Like with all types of saunas, it's important to drink plenty of water before, after, and even during the sauna session (do not bring stainless steel or metal water bottles into the sauna!) to prevent dehydration, and always avoid alcohol prior to using the sauna. Sauna is not recommended for those with acute cardiovascular disease, heart disease, pregnant women, and other high-risk medical conditions. If you have questions or concerns, talk to your doctor before the sauna.
The length of time for your sauna session is up to you, but a good rule of thumb is to sauna for 10-15 minutes, step out for five minutes to let the body cool down, and start the cycle again for as long as you feel comfortable. During repeat sauna sessions, always remember to adjust the heat when needed and listen to how your body feels. Exit if you feel lightheaded, experience extreme discomfort, or any other symptoms.

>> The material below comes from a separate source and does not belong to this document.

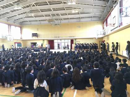 12月25日(金)、2学期の終業式を行いました。今学期は、2年生と5年生の発表がありました。現在、児童数増による増改築工事の一部が始まっています。西館3階の図工室を二つの普通教室にする工事です。28年度の学級増にむけての改造工事です。1月末完成の予定です。来年もどうぞよろしくお願い申しあげます。

Dry Sauna Home Installation
Depending on your available space, budget, and personal preference, you can either install an indoor sauna or outdoor sauna. Personally, I put together an outdoor sauna kit in my backyard because I had the space and enjoy looking out the glass door at nature.
Many companies that make dry sauna kits—like Redwood Outdoors—which come as precut pieces that ship directly to your home to be assembled in one day or less. Another option is to hire a professional to assemble your sauna, build a totally custom sauna, or go all in and DIY!
Regardless, the basics of dry sauna home installation vary between indoor saunas and outdoor saunas, but can be narrowed down to a shortlist of key considerations.
Check with your municipality to obtain permits and building codes, if necessary
Pick a location with a level surface, good drainage, and ventilation if installing inside, for this you may need to hire a plumber or general contractor
Prep and build the foundation for outdoor saunas, or install a subfloor for indoor saunas. Note: some indoor sauna kits do not sell flooring and can be installed directly onto your existing surface, so always check to be sure
Assemble or build your sauna! Install the benches, footrest, doors, heaters, and other accessories
Hire a licensed electrician to install your heating elements—they can also hook up lighting if you prefer
Use the sauna installation manual that comes with your sauna kit as a guide. Oftentimes, the company has a wealth of online resources, such as video tutorials, photos, FAQs, and even a helpline. While building my two-person outdoor sauna, I heavily relied on all of these things and highly recommend preparing for the build to save yourself time!
Overall, it is installing and assembling a home sauna is remarkably easy even for those who have minimal building experience. Do your research ahead of time and don't be afraid to call in a professional if you need help.
Frequently Asked Questions
How do you make a dry sauna hotter?
A traditional sauna is heated by an electric heater with heating rocks or wood burning stoves. To increase the heat, either turn up the dial on your electric heater or add more logs to your fire.
How long should I stay in a dry sauna?
The length of time is up to you, but it is recommended to start at 10-15 minutes in the sauna, with five minute breaks in between to hydrate and cool down your body temperature before reentering. Always listen to your body and do what feels best.
What's the difference between a dry sauna and a regular sauna?
A dry or traditional sauna uses an electric heater or wood burning stove with heated rocks to warm a wooden room designed to trap intense heat of around 140-195 F, with humidity levels of 10%-40%. A regular, or popular type of sauna, is a wet sauna, also called a steam sauna. It feels like a steam room, in that bathers pour water over hot rocks to create high humidity of 60% to as high as 100%. Often, steam saunas will have lower temperatures around 140 F, because the moisture will make it feel hotter than it is.